Arena in Gothenburg, Sweden

Frölundaborg is an indoor arena located in the Frölunda borough of Gothenburg, Sweden. Frölundaborg is primarily used as an indoor venue for ice hockey games. It has a capacity of 7,600 people.

The attendance record is 10,244, set in 1970. It also has been used when the main arena, Scandinavium, has been scheduled for other activities. This has been the case several times for unplanned matches, such as when Frölunda HC played in the Swedish Championship finals. It also serves as a venue for handball events.

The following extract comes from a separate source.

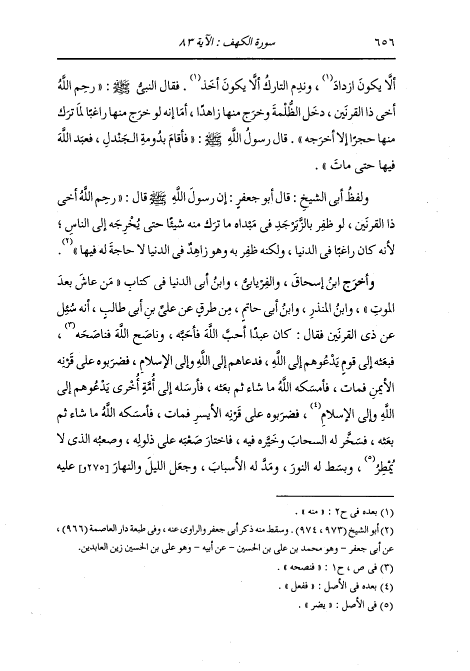 أخبرني بتأويل هذا ، قال : أخبرك ، إنك مكنت من مشرق الأرض ومغربها فلم يكفك ذلك حتى تناولت الظلمة حتى وصلت إلى صاحب الصور وإنه لا يملأ عينك إلا التراب ، قال : صدقت ، ورحل ذو القرنين فرجع في الظلمة راجعا فجعلوا يسمعون خشخشة تحت سنابك خيلهم فقالوا : أيها الملك ما هذه الخشخشة التي نسمع تحت سنابك خيلنا قال : من أخذ منه ندم ومن تركه ندم فأخذت منه طائفة وتركت طائفة فلما برزوا به إلى الضوء نظروا فإذا هو بالزبرجد فندم الآخذ

The Frölundaborg, along with the Scandinavium, were the venues hosting the 2024 IIHF World Junior Hockey Championships in Gothenburg. It hosted games in Pool B.

==History==
Frölundaborg cost 6.3 million SEK (Swedish Krona) to build in 1967. Since then, 4.9 million SEK has been invested in the facility, which was valued to 3.7 million SEK in the beginning of 2006. The arena changed owners in February 2006 and underwent renovations for 100 million SEK in 2007 to make it a modern arena.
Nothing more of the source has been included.